__Supplied data__:
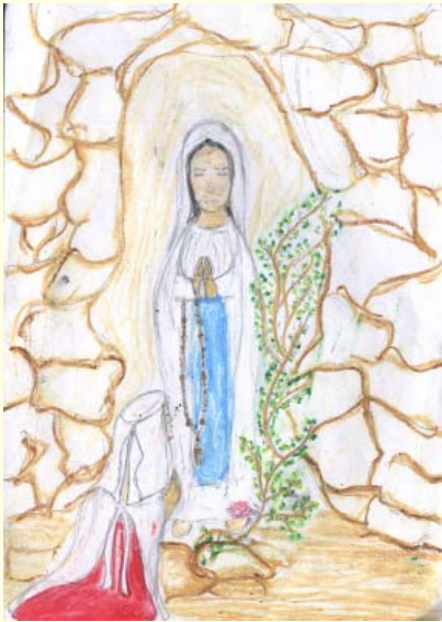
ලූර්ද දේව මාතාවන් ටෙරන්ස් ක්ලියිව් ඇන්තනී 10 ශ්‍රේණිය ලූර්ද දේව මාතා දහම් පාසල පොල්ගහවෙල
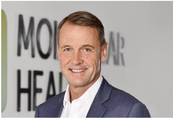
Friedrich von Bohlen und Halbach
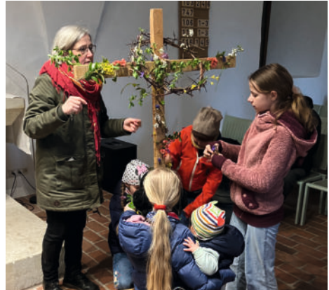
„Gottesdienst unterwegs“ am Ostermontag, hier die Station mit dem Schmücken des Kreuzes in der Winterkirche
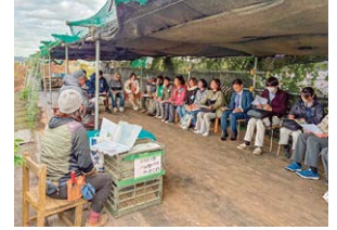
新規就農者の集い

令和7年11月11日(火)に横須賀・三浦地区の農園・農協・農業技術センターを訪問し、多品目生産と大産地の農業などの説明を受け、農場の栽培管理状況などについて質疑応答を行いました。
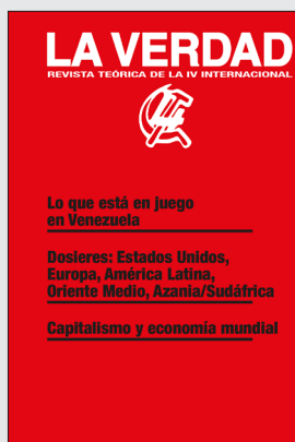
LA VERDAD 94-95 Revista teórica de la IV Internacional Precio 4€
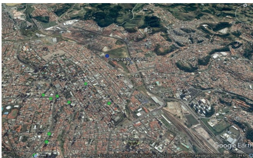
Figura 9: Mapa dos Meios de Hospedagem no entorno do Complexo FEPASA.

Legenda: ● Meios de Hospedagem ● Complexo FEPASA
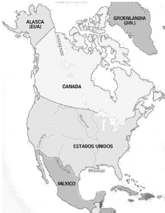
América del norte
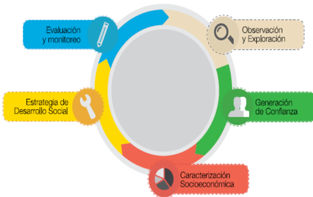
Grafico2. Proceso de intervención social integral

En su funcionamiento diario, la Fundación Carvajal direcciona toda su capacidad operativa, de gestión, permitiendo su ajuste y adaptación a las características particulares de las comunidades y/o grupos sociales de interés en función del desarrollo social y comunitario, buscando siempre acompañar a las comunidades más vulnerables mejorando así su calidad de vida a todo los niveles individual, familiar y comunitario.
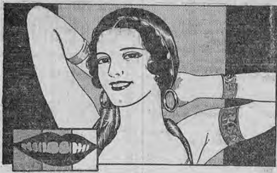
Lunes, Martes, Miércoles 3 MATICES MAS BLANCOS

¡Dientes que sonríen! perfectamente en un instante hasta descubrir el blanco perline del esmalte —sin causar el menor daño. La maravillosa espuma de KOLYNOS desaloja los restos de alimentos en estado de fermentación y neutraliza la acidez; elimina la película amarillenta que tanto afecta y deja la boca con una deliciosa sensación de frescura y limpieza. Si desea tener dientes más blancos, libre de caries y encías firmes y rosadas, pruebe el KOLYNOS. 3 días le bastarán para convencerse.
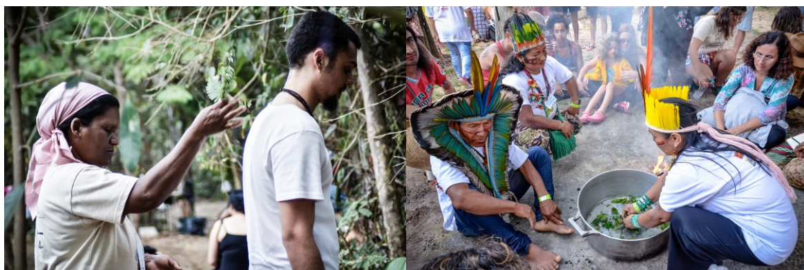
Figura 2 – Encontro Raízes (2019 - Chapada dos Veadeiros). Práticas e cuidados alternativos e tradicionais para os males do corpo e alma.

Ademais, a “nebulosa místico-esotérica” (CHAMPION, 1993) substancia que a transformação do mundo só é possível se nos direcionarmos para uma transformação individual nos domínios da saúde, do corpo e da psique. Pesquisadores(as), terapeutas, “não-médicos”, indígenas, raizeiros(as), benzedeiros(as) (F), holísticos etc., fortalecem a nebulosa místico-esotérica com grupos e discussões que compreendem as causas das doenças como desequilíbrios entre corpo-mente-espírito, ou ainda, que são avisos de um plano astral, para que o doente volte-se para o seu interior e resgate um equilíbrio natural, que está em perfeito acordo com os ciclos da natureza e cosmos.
---
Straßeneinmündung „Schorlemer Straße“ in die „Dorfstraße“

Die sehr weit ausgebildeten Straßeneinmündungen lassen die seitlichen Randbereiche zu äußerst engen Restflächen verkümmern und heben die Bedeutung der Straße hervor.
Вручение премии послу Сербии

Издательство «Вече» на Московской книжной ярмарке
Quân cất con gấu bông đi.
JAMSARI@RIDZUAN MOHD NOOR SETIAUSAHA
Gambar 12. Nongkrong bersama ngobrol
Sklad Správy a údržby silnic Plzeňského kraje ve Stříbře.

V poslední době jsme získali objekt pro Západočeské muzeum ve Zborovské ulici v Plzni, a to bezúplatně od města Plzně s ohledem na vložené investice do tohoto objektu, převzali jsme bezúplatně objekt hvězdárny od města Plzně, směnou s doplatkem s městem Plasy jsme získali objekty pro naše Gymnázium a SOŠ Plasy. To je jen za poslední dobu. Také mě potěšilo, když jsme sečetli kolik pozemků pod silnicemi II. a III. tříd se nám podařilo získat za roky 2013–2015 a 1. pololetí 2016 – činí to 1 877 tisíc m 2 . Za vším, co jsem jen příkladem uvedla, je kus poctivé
* * *
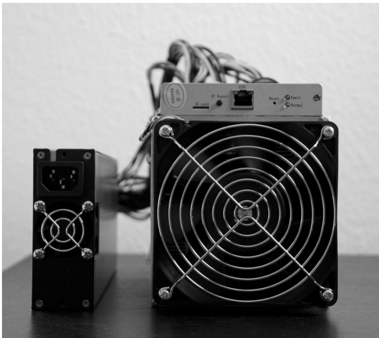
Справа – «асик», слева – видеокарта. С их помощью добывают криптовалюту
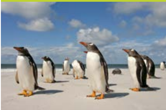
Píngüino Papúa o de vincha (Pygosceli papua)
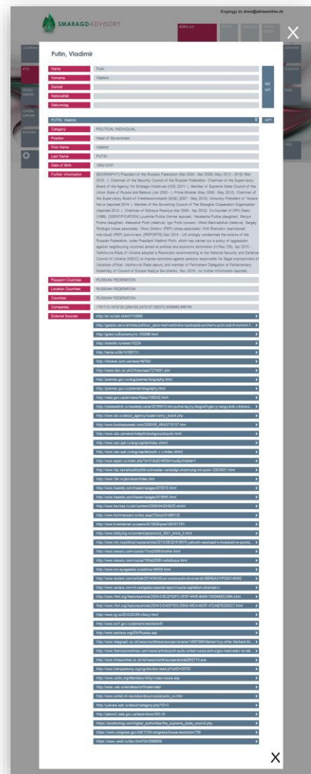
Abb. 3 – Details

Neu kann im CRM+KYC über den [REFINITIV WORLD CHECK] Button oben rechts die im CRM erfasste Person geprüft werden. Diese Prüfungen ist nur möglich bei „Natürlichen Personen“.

__Work task__: Every line above from the one with "Friedrich von Bohlen und Halbach" down to the one with "Figura 2 – Encontro" must be written out exactly, and no picture may appear.

__Answer space__:
Friedrich von Bohlen und Halbach
„Gottesdienst unterwegs“ am Ostermontag, hier die Station mit dem Schmücken des Kreuzes in der Winterkirche
新規就農者の集い

令和7年11月11日(火)に横須賀・三浦地区の農園・農協・農業技術センターを訪問し、多品目生産と大産地の農業などの説明を受け、農場の栽培管理状況などについて質疑応答を行いました。
LA VERDAD 94-95 Revista teórica de la IV Internacional Precio 4€
Figura 9: Mapa dos Meios de Hospedagem no entorno do Complexo FEPASA.

Legenda: ● Meios de Hospedagem ● Complexo FEPASA
América del norte
Grafico2. Proceso de intervención social integral

En su funcionamiento diario, la Fundación Carvajal direcciona toda su capacidad operativa, de gestión, permitiendo su ajuste y adaptación a las características particulares de las comunidades y/o grupos sociales de interés en función del desarrollo social y comunitario, buscando siempre acompañar a las comunidades más vulnerables mejorando así su calidad de vida a todo los niveles individual, familiar y comunitario.
Lunes, Martes, Miércoles 3 MATICES MAS BLANCOS

¡Dientes que sonríen! perfectamente en un instante hasta descubrir el blanco perline del esmalte —sin causar el menor daño. La maravillosa espuma de KOLYNOS desaloja los restos de alimentos en estado de fermentación y neutraliza la acidez; elimina la película amarillenta que tanto afecta y deja la boca con una deliciosa sensación de frescura y limpieza. Si desea tener dientes más blancos, libre de caries y encías firmes y rosadas, pruebe el KOLYNOS. 3 días le bastarán para convencerse.
Figura 2 – Encontro Raízes (2019 - Chapada dos Veadeiros). Práticas e cuidados alternativos e tradicionais para os males do corpo e alma.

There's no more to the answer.